Requirement: Print the lines below word for word, beginning with the first and ending with the line that holds "étiquette identification bagage", and skip every picture.

━━━ Records supplied ━━━

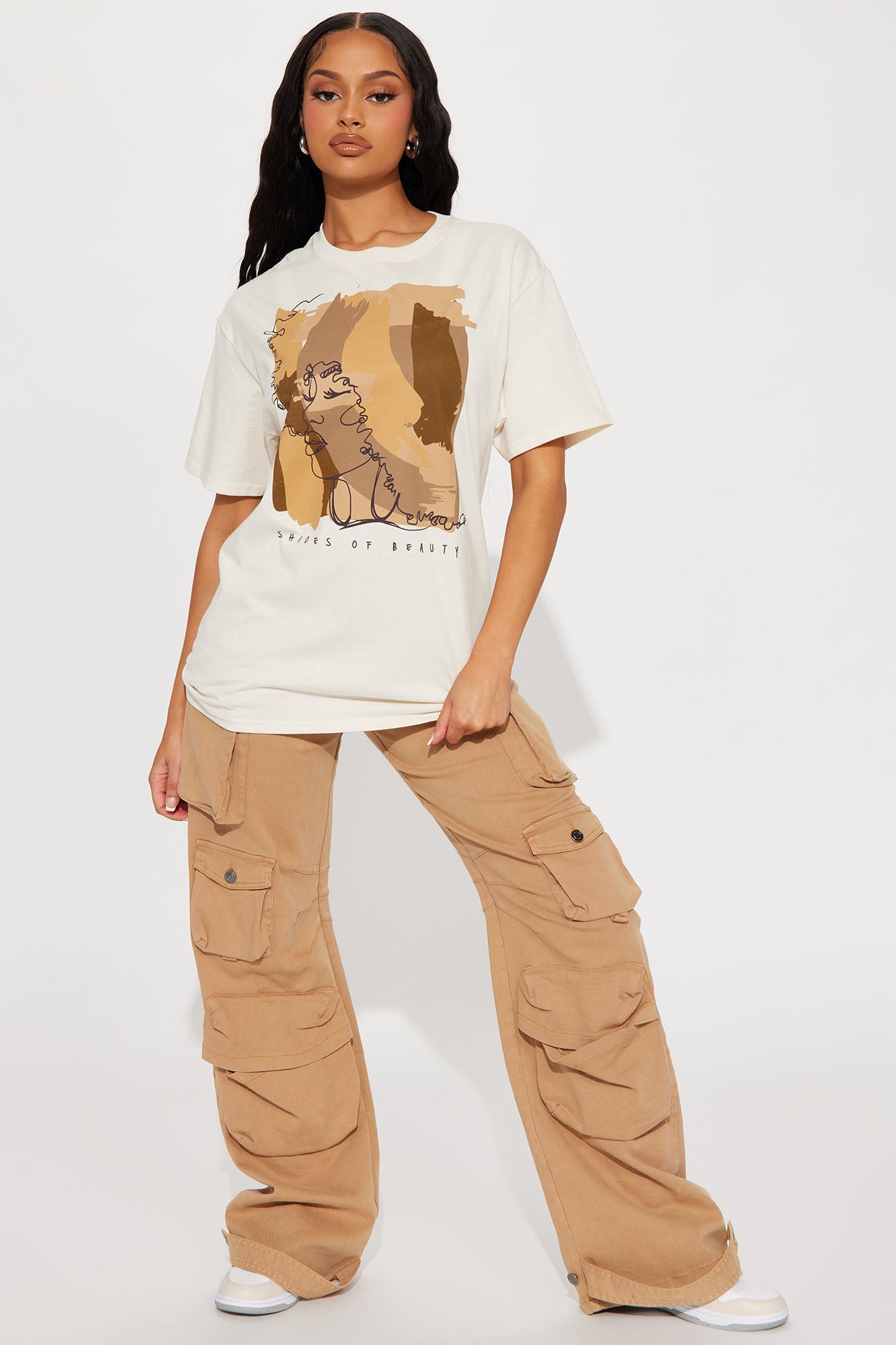 Available In Khaki. T-Shirt Crew Neck Short Sleeve "Shades Of Beauty" Verbiage Front Screen Disclaimer: Due To The Printing Process A Difference In Saturation May Occur. Each Garment Is Unique. Print Placement Will Vary. 100% Cotton Imported |
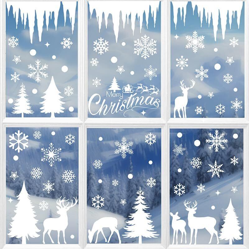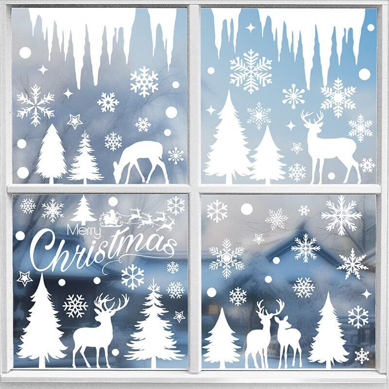 【大容量214点入り】雪の結晶・トナカイなど北欧のデザインたっぷり入ってる静電気ステッカー、このセットだけで窓を可愛くなります!白一色なのでカンタンに店舗やお部屋が一気にホワイトクリスマスに変身
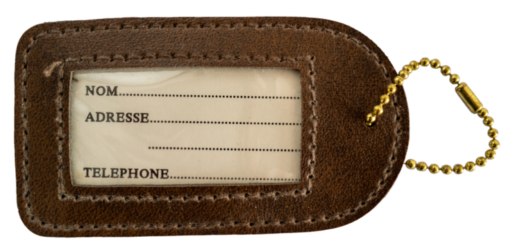 étiquette identification bagage sur fond transparent
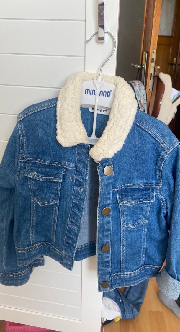 Dik yakalı, kürklü mavi denim ceket. Uzun kollu, fitted kesim ve parlak görünümle günlük kullanıma uygun sokak stili.
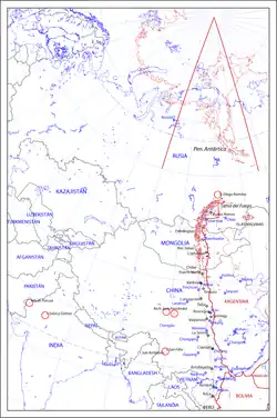 - 5308 km[4] con Argentina —la tercera frontera terrestre más larga del mundo, luego de la frontera entre Estados Unidos y Canadá (8893 km) y la de Rusia con Kazajistán (6846 km)—.[4]
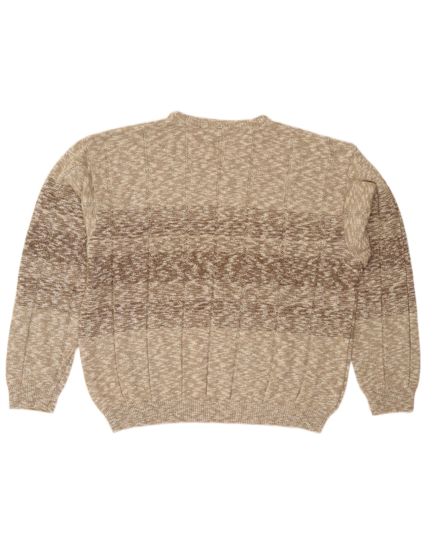 Vintage męski sweter z okrągłym dekoltem XL, beżowy, nakrapiany
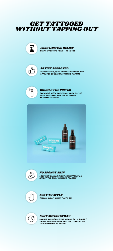 I highly recommend this cream! My tattooist couldn't believe I slept through the first 1.5hrs. My tattooist doesn't like numbing cream as it can affect the ink but he was impressed with toochi.
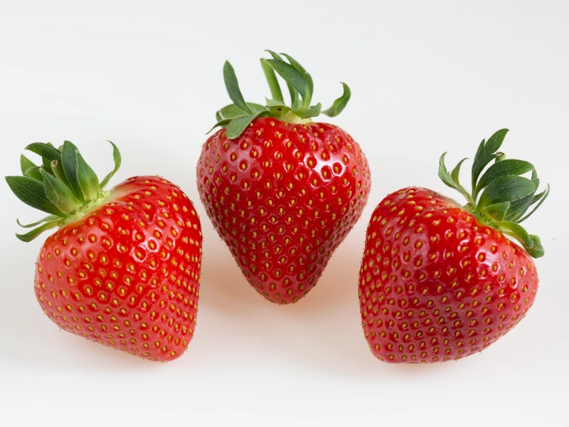 Owoce: Duże i średnie, jednolicie wybarwione o intensywnie błyszczącym czerwonym kolorze, dość soczyste, bardzo słodkie. Kształt kulisto-stożkowaty. Nasiona są zwykle lekko zagłębione. Jędrność jest zadowalająca, jeśli zbierzemy Rumbę w dobrych warunkach. Ich zaletą jest, że pozostają błyszczące przy dłuższym przechowywaniu. Średnia masa owoców i ogólna wydajność jest znacznie większa w porównaniu do odmiany Honeoye. Odmiana nadaje się do przyspieszania ( nawet o 7 dni ). Kolejną z zalet jest łatwość i szybkość zbioru, owoce są dobrze wyeksponowane.
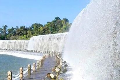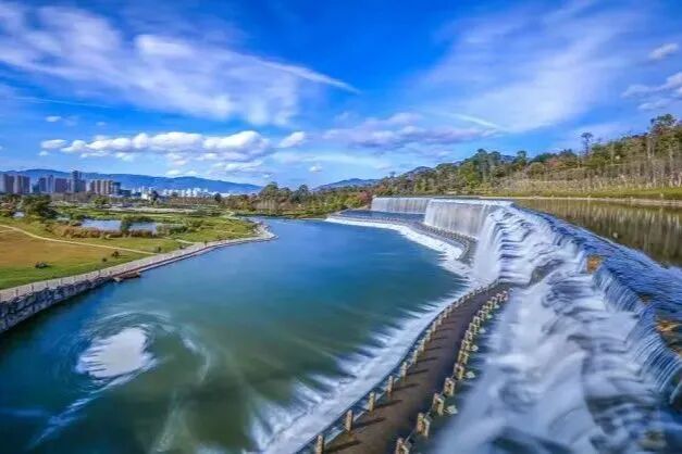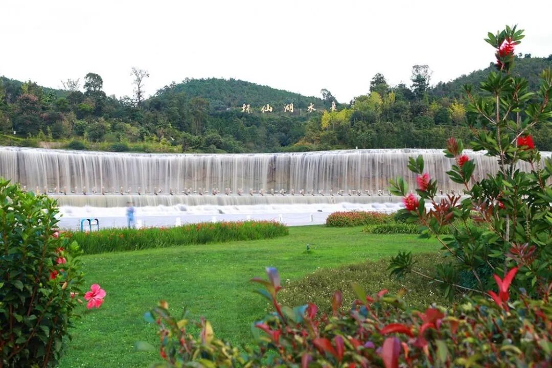 玉溪出水口瀑布是玉溪市人工打造的标志性景观,位于红塔区环山路玉溪园林植物园内。玉溪出流改道水利工程主要包括长23公里的引水工程、50亩挺水植物带和278亩人工湿地等。结合出流改道水利工程修建的瀑布宽约276米,高度约15米,采用来自百里外抚仙湖的澄澈神水和星云湖水源循环系统,形成壮观的水幕。
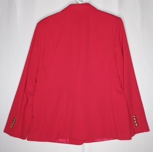 Austin Reed Blazer Women 12 Red Wool Gold One Button Vneck Collar Pocket Jacket Vintage Classic
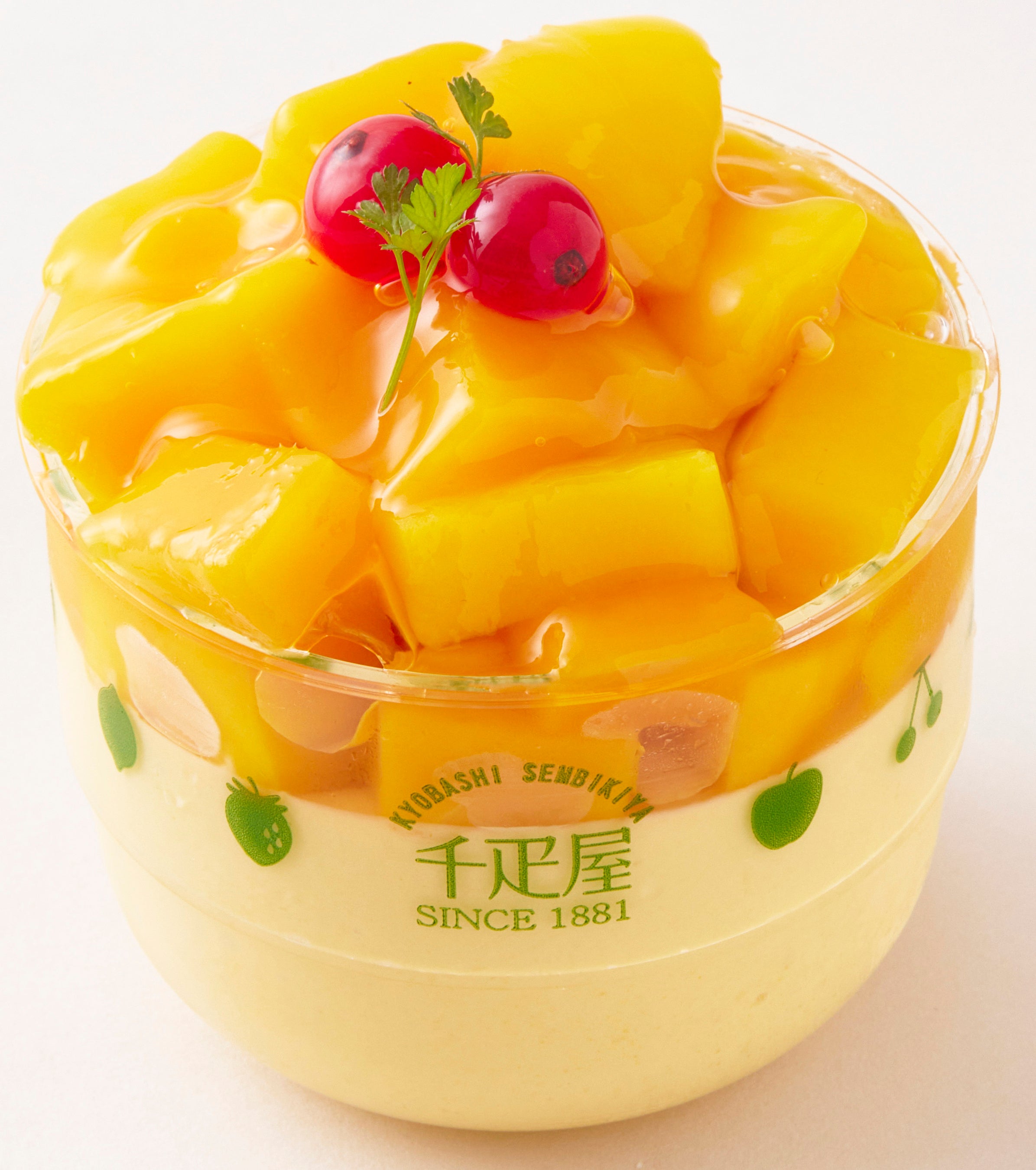 マンゴーピューレを使用した濃厚で口当たりのよいプリンに、マンゴーの果肉をたっぷりトッピングした、 マンゴー尽くしの夏季限定商品です。

━━━

Expected answer:
 Available In Khaki. T-Shirt Crew Neck Short Sleeve "Shades Of Beauty" Verbiage Front Screen Disclaimer: Due To The Printing Process A Difference In Saturation May Occur. Each Garment Is Unique. Print Placement Will Vary. 100% Cotton Imported |
 【大容量214点入り】雪の結晶・トナカイなど北欧のデザインたっぷり入ってる静電気ステッカー、このセットだけで窓を可愛くなります!白一色なのでカンタンに店舗やお部屋が一気にホワイトクリスマスに変身
 étiquette identification bagage sur fond transparent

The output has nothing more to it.